Two projects jump to the forefront - compiling the Black City notes into a manuscript, and laying the foundation for a future game, Harrow Home Manor.

The Black City is the megadungeon we've been running for the past year and a half (at least up until the recent excursion into Call of Cthulhu).  The elevator pitch is like this:  what if Vikings found Lovecraft's City of the Elder Things somewhere beyond the North Sea?  It's fairly gonzo.  It has ancient aliens, creatures of Norse myth, and extraterrestrial computers masquerading as Asgardians.  These next two weeks are a good time to get my notes into a cohesive manuscript and decide how to move forward to make it shareable/publishable.

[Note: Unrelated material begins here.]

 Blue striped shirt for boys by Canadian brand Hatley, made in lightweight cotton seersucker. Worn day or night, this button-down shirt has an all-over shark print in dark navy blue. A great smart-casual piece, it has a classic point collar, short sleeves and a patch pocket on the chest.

The other one is Harrow Home Manor.  The manor is a crumbling ruin on the Yorkshire moors, in an alternate (gothic) version of England, Dread Albion.  The star-fallen cyst of a sleeping god was carried onto the moors and enshrined there by ancient people; the site has been inhabited by Picts, Celts, Romans, Britons, Norse, Normans, and even the Templars.  Structures sink into the earth, pulled down by the cyst's awful gravity.  A journey beneath Harrow Home is a trip back through time, where the deeper one delves, the earlier are the ruins and styles of the architecture.  When players eventually find the cyst of the sleeping god, it's a cracked, egg-like structure the size of a truck, an oozing miasma.  Cave paintings in the lower levels show how it was the size of a grapefruit when it was first carried to the site, getting progressively larger over time.  What's going to come out when the egg hatches?

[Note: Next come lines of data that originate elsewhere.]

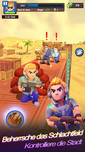 Schieße mit einer Taste, weiche feindlichem Feuer aus und kämpfe automatisch. Die einfache und intuitive Steuerung garantiert ein intensives Schießerlebnis. Selbst nachdem das Spiel beendet ist, kämpft der Charakter im Autoplay-Modus weiter und räumt satte Belohnungen ab.
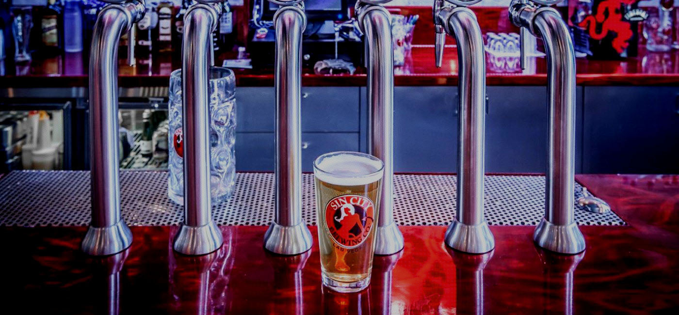 Five distinct beer recipes (Sin City Amber, Sin City Light, Sin City Stout, Sin City IPA and Sin City Weisse - as well as a rotating seasonal tap) using traditional methods and premium raw materials, satisfy both the microbrew savvy drinker and those with a preference for a traditional domestic style beer.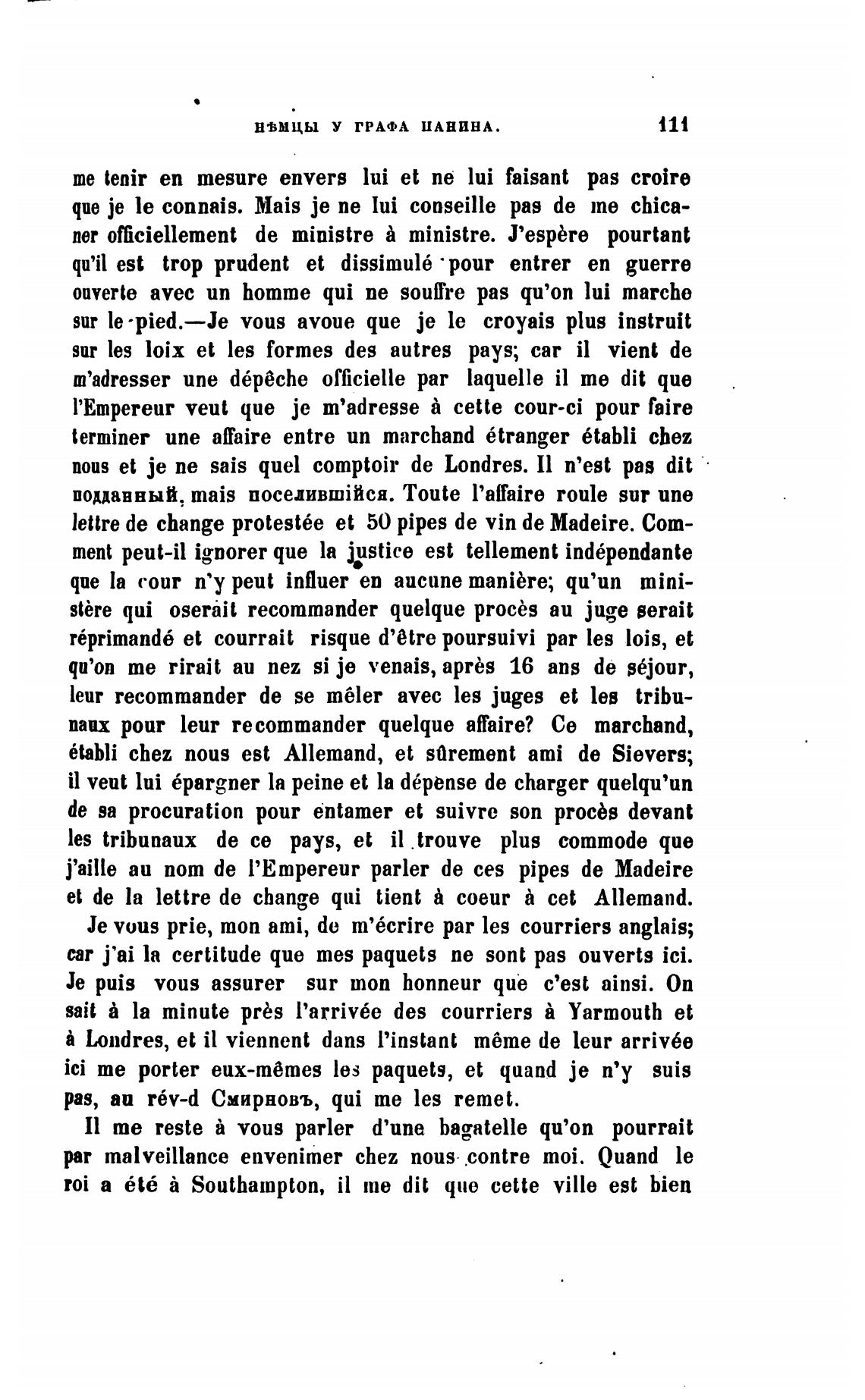 Је vous prie, топ ami, de m'6crire par les courriers anglais;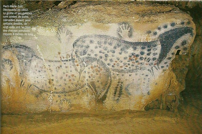 As criaturas pintadas nas paredes da gruta de Pech Merle (em baixo), em França, remontam a 23 mil a.C. e representam equídeos que vagueavam pela Europa há milénios, mas estão por explicar as manchas no seu dorso.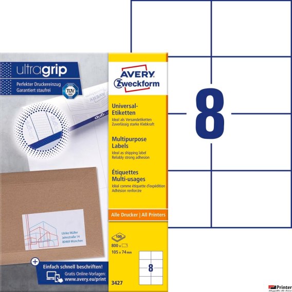 Trwałe etykiety uniwersalne 3427 105 x 74 100ark Avery Zweckform |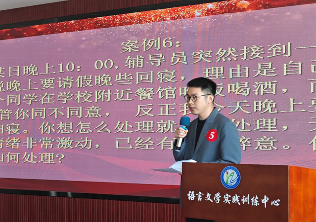 来自8个学院的12名辅导员结合自身工作,分别进行了案例分析和谈心谈话的比拼,展示出我校辅导员队伍扎实的职业素养、灵活应变能力和高度的敬业精神。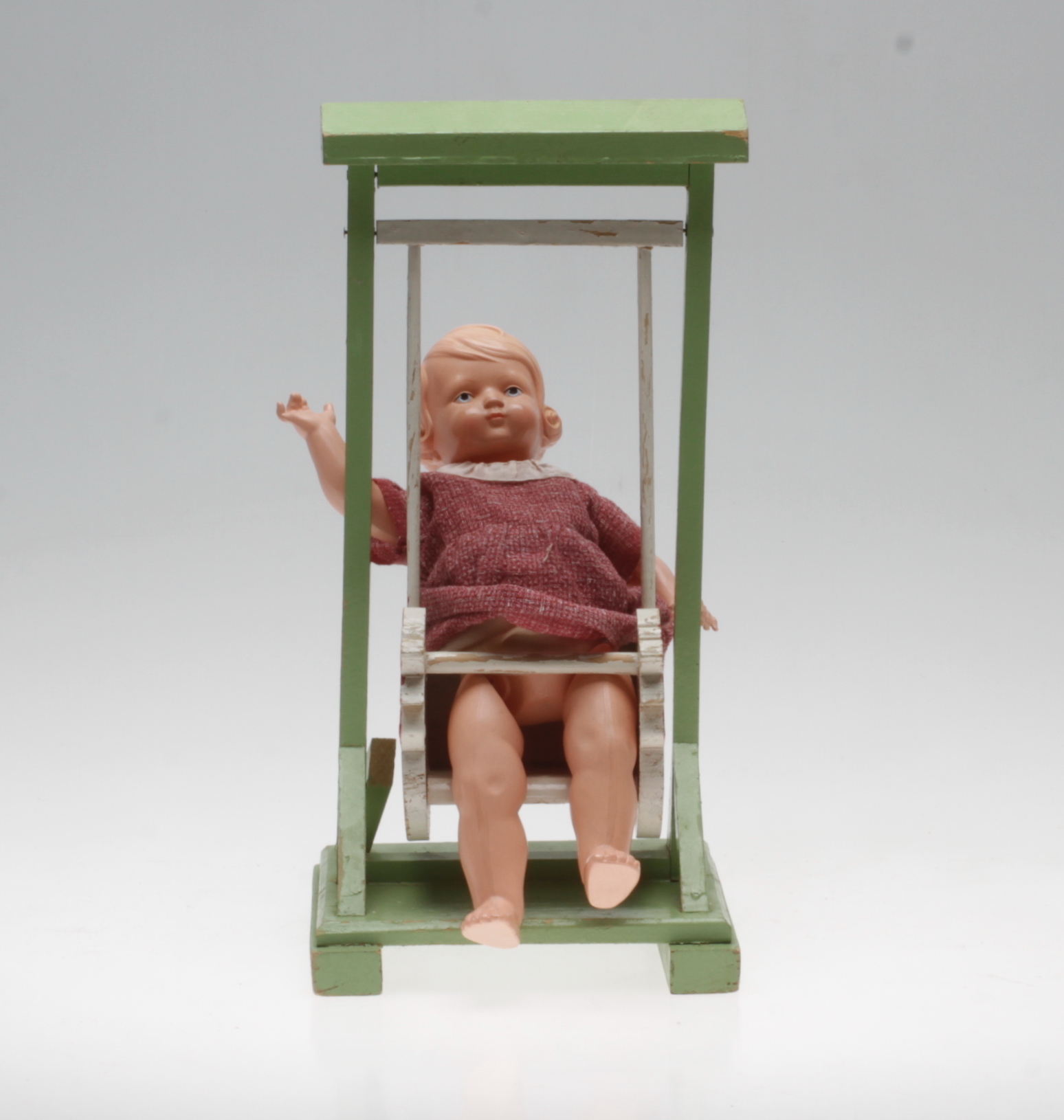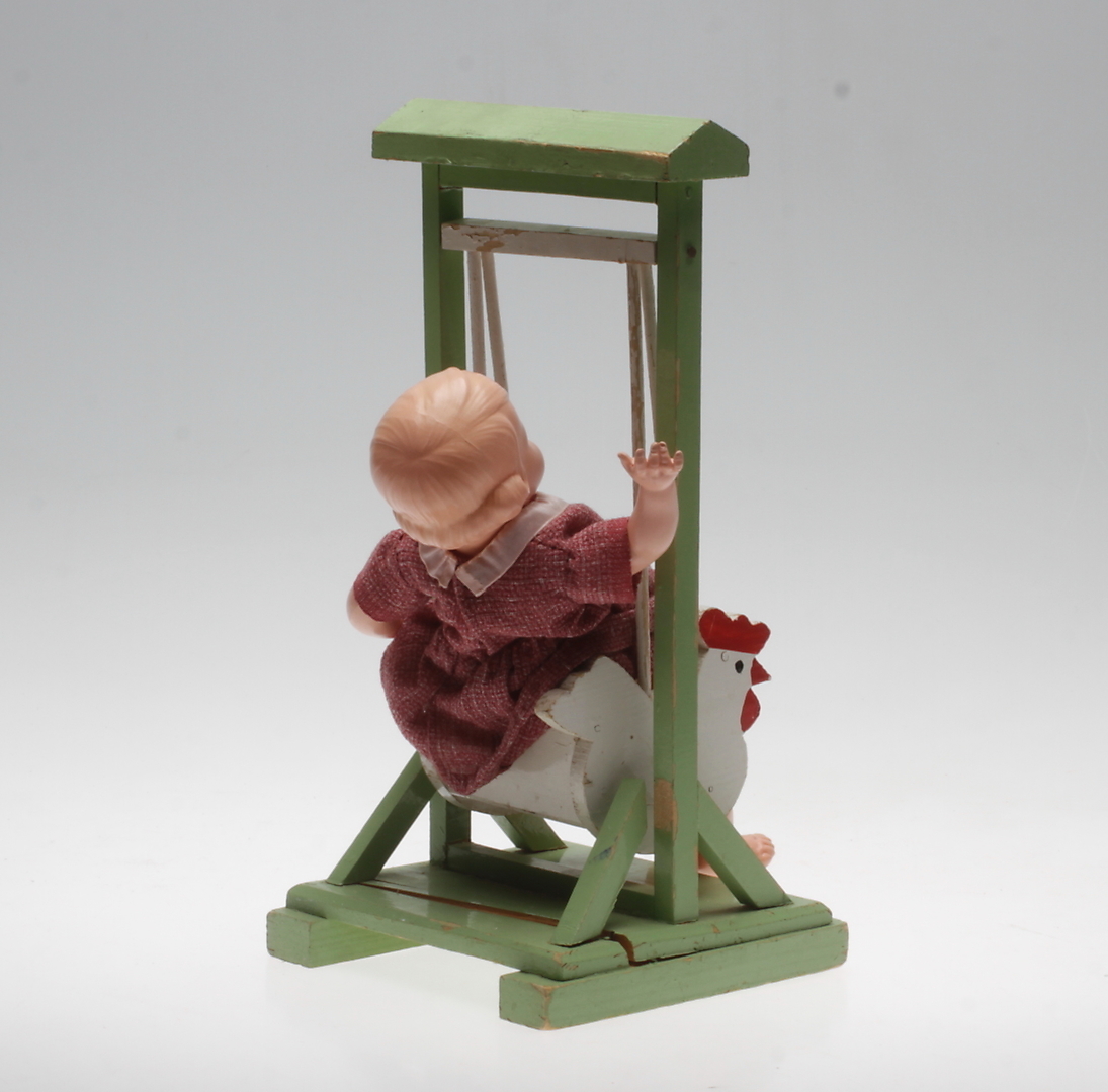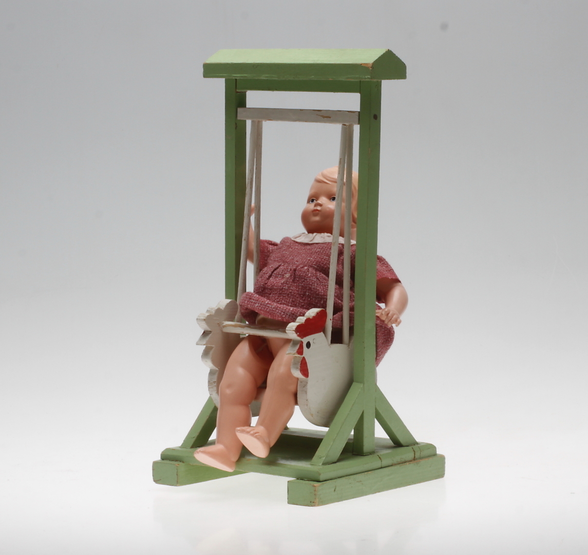 583143. DOLL SWING, Holz mit DOLL, Kunststoff, Mitte 20. Jahrhundert.

Whereas the Black City is gonzo and high adventure, I want Harrow Home to borrow more ideas from Call of Cthulhu and have a strong horror theme.

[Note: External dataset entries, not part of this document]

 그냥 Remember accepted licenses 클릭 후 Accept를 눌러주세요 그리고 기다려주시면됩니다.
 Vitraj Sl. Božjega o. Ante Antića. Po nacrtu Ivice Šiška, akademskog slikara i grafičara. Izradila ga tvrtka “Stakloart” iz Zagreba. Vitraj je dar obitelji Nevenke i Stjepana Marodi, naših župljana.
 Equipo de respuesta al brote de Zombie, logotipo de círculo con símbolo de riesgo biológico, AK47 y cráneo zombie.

Before I develop too much tunnel vision on drawing and stocking dungeons, I'd like to sketch the sandbox first.  (See what I did there -- tunnel vision, drawing dungeons?  And they say I'm not funny.)  Here is the first take on the hex map for the moors and surrounding areas.  Time to make sketch notes on the locales and remove any of the modern settlements - or find their 16th and 17th century names.


8 comments:

  1. when will there be a gothic hexcrawl collab map?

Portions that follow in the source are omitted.